Most maternal factors were significantly associated with EBF, except for maternal age (p = 0.793), marital status (p = 0.324), parity (p = 0.208), and birth interval (p = 0.116). Maternal education was a strong predictor, where women with higher education (2%) had the lowest EBF rate, whereas those with primary education (16.9%) had the highest prevalence. Maternal occupation also influenced EBF, as women working in agriculture (54.2%) and manual labor (51.7%) had significantly higher EBF rates, while professional women (41.0%) and those not working (45.5%) had lower EBF rates. Media exposure played a role as well, with women who listened to the radio almost every time (59.7%) having a higher EBF prevalence than those who did not listen at all (46.7%) (p < 0.001). Similarly, reading newspapers and watching TV frequently were also associated with increased EBF rates. This is presented in Table 1 continue.

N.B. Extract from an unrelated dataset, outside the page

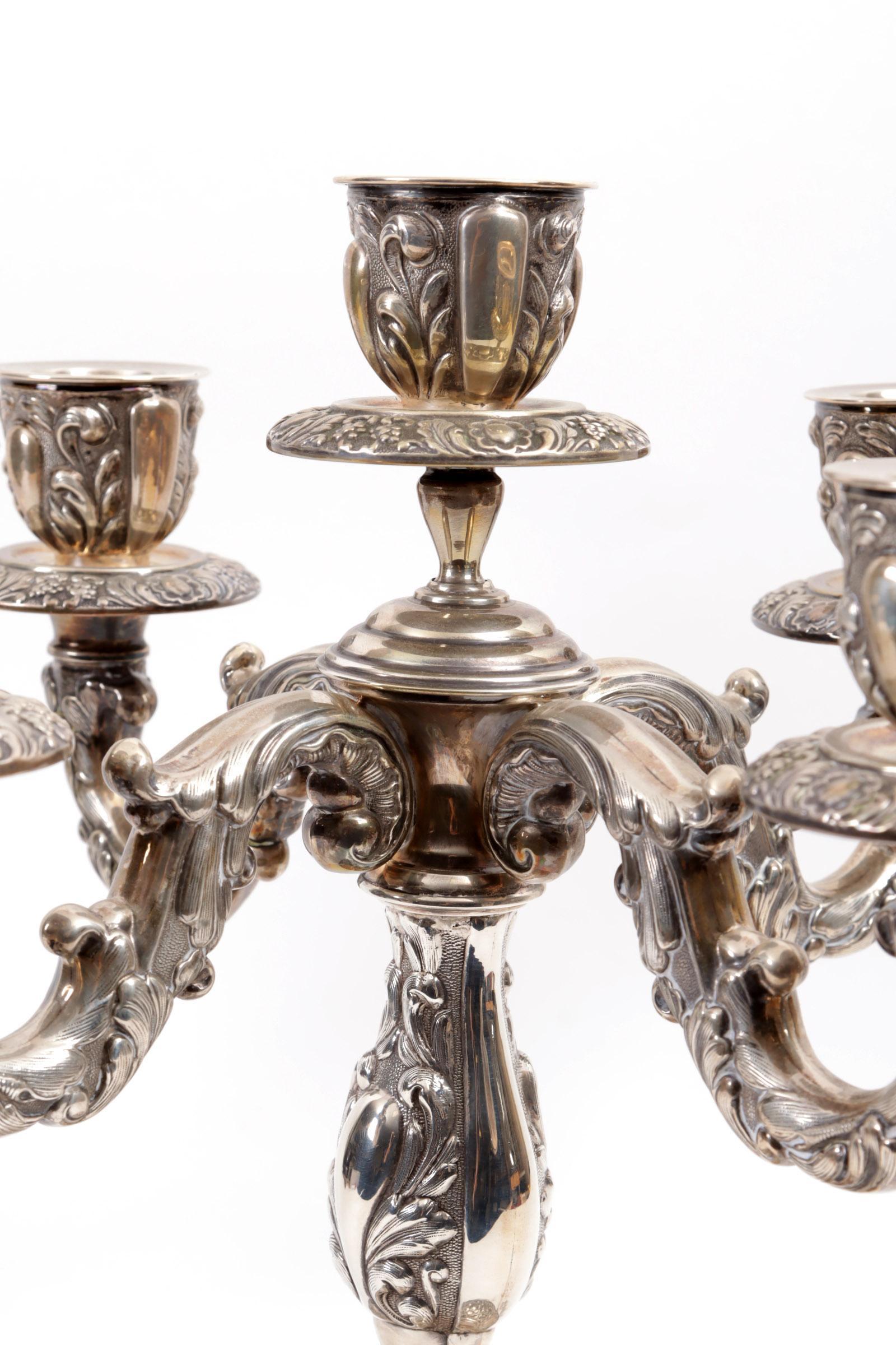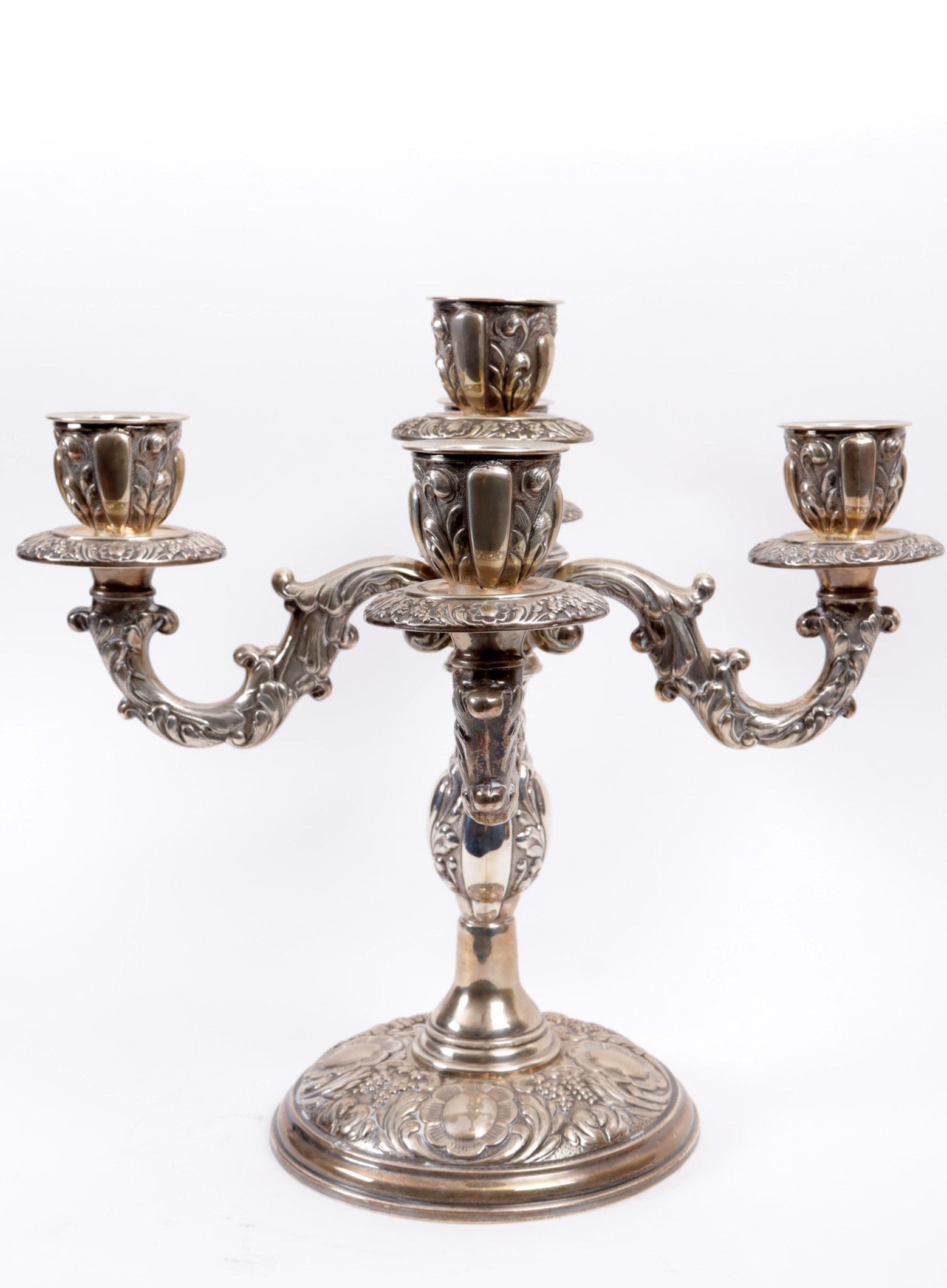 Grote verzilverde 5-lichts kandelaar, h.39 x diam.40 cm.

Community factors were significantly associated with EBF (p < 0.0001 for all variables). Urban mothers (40.2%) had a lower EBF prevalence compared to rural mothers (50.6%). Community education level also played a role, with lower community education levels associated with higher EBF (48.0%), compared to higher community education (43.5%). Community poverty level showed that women in poorer communities (48.8%) had higher EBF rates than those in wealthier communities (45.1%). The SSA sub-regions also showed significant variation in EBF prevalence. West Africa had the highest EBF prevalence (63.6%), while Central Africa had the lowest (37.9%). This is presented in Table 2.
Multivariable logistic regression
Table 3 presents the multivariable logistic regression analysis of factors influencing EBF in this study. The odds of EBF decline significantly as the child ages. Compared to infants aged 0–1 months, those aged 2–3 months have 48.9% lower odds of EBF (aOR: 0.511, 95% CI: 0.458–0.570), while infants aged 4–5 months have 82.4% lower odds (aOR: 0.176, 95% CI: 0.156–0.198). Religion was found to be signficant predictor of EBF, with mothers belonging to the Islamic faith (aOR: 0.732, 95%CI: 0.634–0.844) or nor no religion (aOR: 0.632, 95% CI: 0.489–0.818) having lower odds of EBF compared to mothers in the Christian faith. Maternal education plays a role, with mothers who have higher education (aOR: 0.700, 95% CI: 0.516–0.948) showing lower odds of EBF compared to those with no education. Compared to the poorest households, those in the middle (aOR: 1.411, 95% CI: 1.185–1.681), richer (aOR: 1.539, 95% CI: 1.254–1.889), and richest (aOR: 1.455, 95% CI: 1.119–1.892) quintiles have significantly higher odds of EBF. Early ANC registration improves EBF odds. Mothers who registered at < 4 months (aOR: 1.608, 95% CI: 1.320–1.960), 4–5 months (aOR: 1.550, 95% CI: 1.277–1.882), or 8 + months (aOR: 1.625, 95% CI: 1.093–2.415) have higher odds of EBF than those with no ANC. Whilst reading newspapers/magazines weekly increases EBF odds (aOR: 1.114, 95% CI: 1.003–1.238), watching TV weekly decreased the odds of EBF (aOR: 0.816, 95% CI: 0.721–0.924).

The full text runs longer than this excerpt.